Iba a contestar cuando Tempi rompió a reír. Y siguió riendo con unas sonoras y violentas carcajadas que lo dejaron sin aliento. Entonces yo también me eché a reír, en parte porque Tempi me contagiaba su risa, y en parte porque siempre la había considerado una historia extraña pero divertida.
Hespe adoptó una expresión peligrosa, como si temiera estar siendo el blanco de las bromas.
—No lo entiendo —dijo Dedan—. ¿Por qué...? —No terminó la frase.
—¿Volvieron a ponerle el trasero al chico? —preguntó Hespe.
—Eso no lo cuenta la historia —dije encogiendo los hombros.
Dedan gesticuló enérgicamente, con expresión de frustración.
—¿Qué sentido tiene?
—Yo creía que solo contábamos historias —dije con cara de inocente.
—¡Historias con un mínimo de coherencia! —dijo Dedan fulminándome con la mirada—. Historias con final. No historias en las que a un chico... —Sacudió la cabeza—. Esto es ridículo. Me voy a dormir. —Se fue a prepararse la cama. Hespe se levantó y se marchó también en otra dirección.
Sonreí, convencido de que ninguno de los dos volvería a insistir para que les contara más historias de las que yo quería contar.
Tempi también se levantó. Al pasar a mi lado, sonrió y me dio un abrazo. Un ciclo atrás, eso me habría sorprendido, pero ahora ya sabía que el contacto físico no era nada infrecuente entre los Adem.
Sin embargo, sí me sorprendió que me abrazara delante de los demás. Le devolví el abrazo lo mejor que pude, y noté que la risa todavía lo estremecía.
—Se le cayó el trasero —dijo en voz baja, y fue a acostarse.

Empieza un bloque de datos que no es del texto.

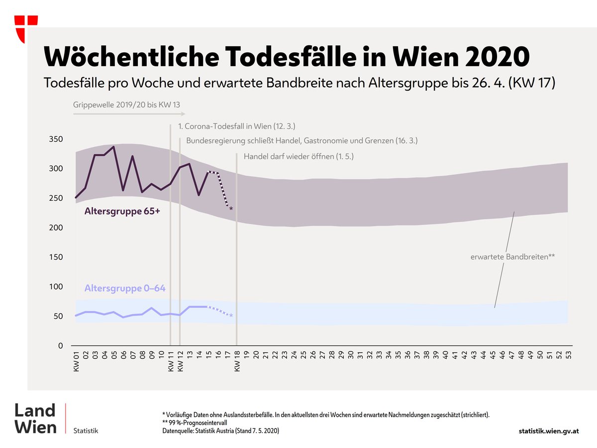 Daher haben wir für #Wien ein Mortalitätsmonitoring eingerichtet. Good news: bis 26.4. waren die Todeszahlen unauffällig! (Thread)

Marten siguió a Tempi con la mirada; luego me lanzó a mí otra, larga y reflexiva.
—¿Dónde oíste esa historia? —me preguntó.
—Me la contó mi padre cuando era pequeño —contesté. Era la verdad.
—Una historia rara para contarle a un niño.
—Es que yo era un niño raro —dije—. Cuando me hice mayor, mi padre me confesó que se inventaba las historias para que me estuviera callado. Yo lo acribillaba a preguntas. No le daba tregua. Mi padre decía que la única forma de hacerme callar era plantearme algún acertijo. Pero yo siempre encontraba la solución, y mi padre se quedó sin acertijos.
Me encogí de hombros y empecé a prepararme la cama.
—Así que mi padre se inventaba historias que parecían acertijos y me preguntaba si entendía lo que significaban. —Sonreí con nostalgia—. Recuerdo que me pasé días y días pensando en aquel chico con el tornillo en el ombligo, tratando de averiguar qué sentido tenía la historia.
—Hacerle eso a un niño es una crueldad —dijo Marten frunciendo el entrecejo.
—¿Qué quieres decir? —pregunté, sorprendido.
—Engañarte para conseguir un poco de paz y tranquilidad. Eso está feo.
Me quedé descolocado.
—Mi padre no lo hacía con mala intención. A mí me gustaba. Así tenía algo en que pensar.
—Pero era absurdo. Era imposible.
—Absurdo no —objeté—. Las preguntas que no podemos contestar son las que más nos enseñan. Nos enseñan a pensar. Si le das a alguien una respuesta, lo único que obtiene es cierta información. Pero si le das una pregunta, él buscará sus propias respuestas.
Extendí mi manta en el suelo y doblé la raída capa del calderero para envolverme en ella.
—Así, cuando encuentre las respuestas, las valorará más. Cuanto más difícil es la pregunta, más difícil la búsqueda. Cuanto más difícil es la búsqueda, más aprendemos. 



Recuerda que todo hombre sabio teme tres cosas: la tormenta en el mar, la noche sin luna y la ira de un hombre amable.